Wenn die MLPD über Jahre systematische Kleinarbeit, Stände, Hausbesuche und Kollegenbetreuung macht, dann sind das „Kontrollbesuche“ zum „Ausspionieren“ der Leute.
Wenn in diesen Tagen die Landtagsabgeordneten der Grünen in Nordrhein-Westfalen auf ihrer Website ihre Nebeneinkünfte publizieren, dann ist das eine „beeindruckende Transparenzoffensive“.
Wenn die Mitglieder der MLPD und Sympathisanten Euro um Euro sammeln, um die Parteiarbeit finanziell unabhängig zu finanzieren – dann ist das „moralischer Druck“.
Diese Verballhornung der Realität nennt das Gericht „freie Meinungsäußerung“. Hier geht es aber um viel mehr als eine Meinungsäußerung. Auf der Grundlage solcher Lügen und Verdrehungen werde nicht nur Genossinnen und Genossen der MLPD, sondern auch deren Umfeld sowie Tausende fortschrittliche und revolutionäre Menschen in Deutschland unterdrückt, mit Berufsverboten belegt, aus der Gewerkschaft ausgeschlossen und demokratischer Rechte beraubt.
Anti-Antikommunismus-Bewegung im Kommen
Aber nicht nur der „Verfassungsschutz“, sondern der gesamte moderne Antikommunismus gerät zunehmend ins Visier einer Massenkritik.
Eine Anti-Antikommunismus-Bewegung wächst. Aktuell hat das Bündnis „Antifaschistischer und antirassistischer Ratschlag in Thüringen“ die Auszeichnung mit einem Preis von 4.000 Euro im bundesweiten Wettbewerb „Aktiv für Demokratie und Toleranz“ mit der mutigen Begründung abgelehnt: „Einen Preis, der unter dem politischen Kampfbegriff Extremismus vergeben wird, können wir nicht annehmen.“
Am 14. April demonstrierten bis zu 10.000 Demonstranten in München anlässlich des NSU-Prozess unter dem Motto „Greift ein gegen Naziterror, staatlichen und alltäglichen Rassismus – Verfassungsschutz abschaffen!“
Die MLPD hat ihren Prozess von Anfang an als Bestandteil dieser Anti-Antikommunismus-Bewegung geführt.

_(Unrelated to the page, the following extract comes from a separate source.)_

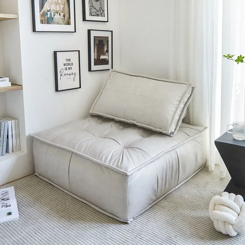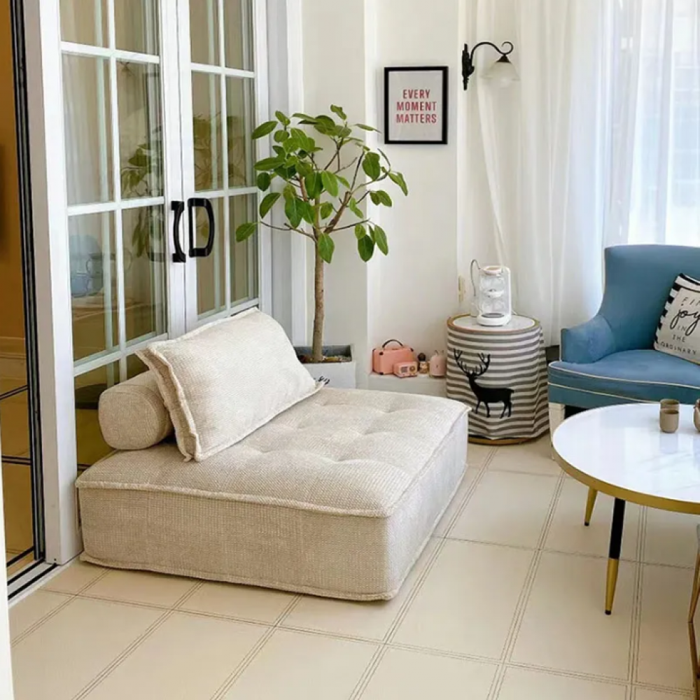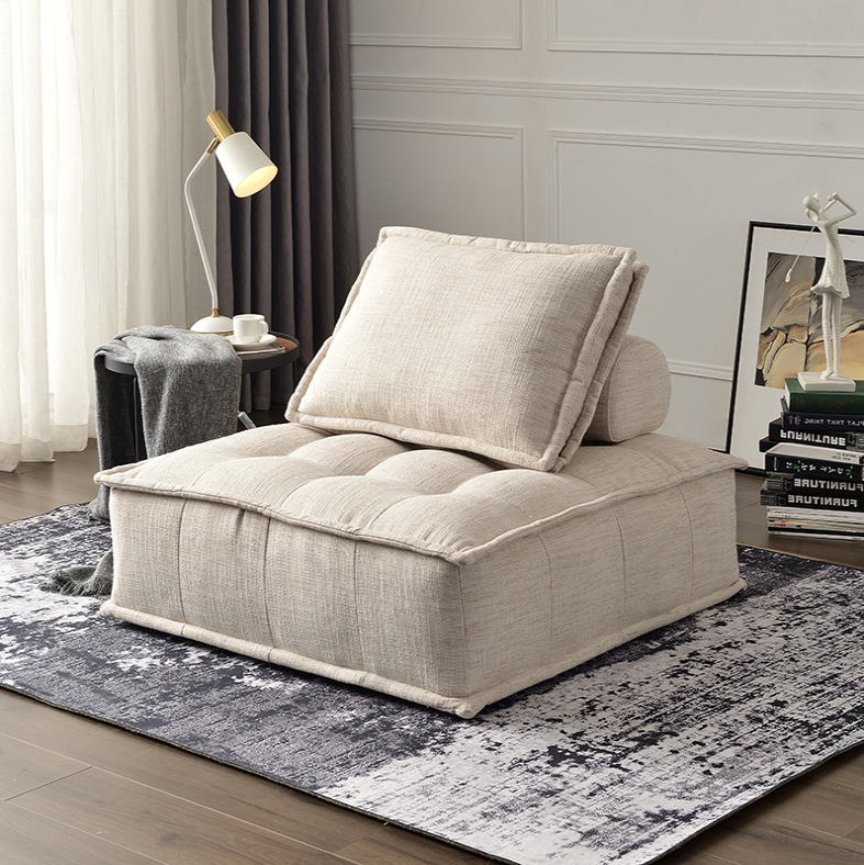 جلسة ارضية للاسترخاء بتصميم انيق وحديث باللون الرمادي الفاتح ومصنوع من القماش عالي الجودة والخشب الصلب. تأتي جلسة استرخاء بمقاس 36 سم ارتفاعاً، 85سم عمقاً، و 85سم عرضاً. يتميز بتصميم فريد من نوعه يناسب الأذواق الحديثة.

Sie wird das Urteil nicht hinnehmen. Ihr Vorsitzender Stefan Engel erklärte nach dem Prozess: „Ich kann nicht nachvollziehen, warum das Gericht die herabsetzende Verleumdung der MLPD als ,Sekte‘, die böswillige Unterstellung der ,physisch und psychischen Gewalt gegen Andersdenkende in der MLPD‘ und den völlig haltlosen Vorwurf einer vermeintlichen ,maoistischen Gehirnwäsche‘ jetzt plötzlich – der dürftigen Argumentation der Beklagten folgend – als ,freie Meinungsäußerung‘ zulässt.“
Peinlich, peinlich die „taz“
Aber der Geheimdienst findet auch neue Freunde. Vor 35 Jahren versprach die „taz“ in ihrem Statut: „… sie artikuliert insbesondere die Stimmen, die gegenüber den politisch Mächtigen kein Gehör finden …“ und richtet „sich gegen jede Form von Diskriminierung …“ fühlt sich „der wahrheitsgetreuen Berichterstattung verpflichtet“. (§ 12)

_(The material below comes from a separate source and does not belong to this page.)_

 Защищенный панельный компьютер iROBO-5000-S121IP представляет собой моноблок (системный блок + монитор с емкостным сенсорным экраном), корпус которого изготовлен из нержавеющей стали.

Heute springt die „taz“ mit ihren Redakteuren Pascal Beucker und Anja Krüger lieber dem „Verfassungsschutz“ als Sprachrohr bei und titelt nach dem Prozess: „Splitterpartei bleibt Sekte“. Wie tief kann man als „alternative“ gestartete Zeitung eigentlich sinken?
Teile von Solid und der Grünen-Jugend haben eine Homepage unter dem Titel „Ich bin extrem“ eingerichtet. Auf dem ersten Blick ein scheinbar mutiges Bekenntnis gegen den antikommunistischen Mainstream. Tatsächlich wird auch hier einer schädlichen Spaltungspolitik zur Ausgrenzung von Marxisten-Leninisten Raum gegeben. Die Krone setzt dem ein anonymer Kommentator auf der Website auf. Man müsse gegen die MLPD gar keine Argumente suchen, sondern sie als „stalinistische Beknackte“ diffamieren.
Hier proben wohl Linkspartei und Grüne über ihre Jugendverbände bereits die Zusammenarbeit in einer künftigen Regierung. Staatstragend gehört dazu natürlich die Unterdrückung und Diffamierung revolutionärer Kräfte.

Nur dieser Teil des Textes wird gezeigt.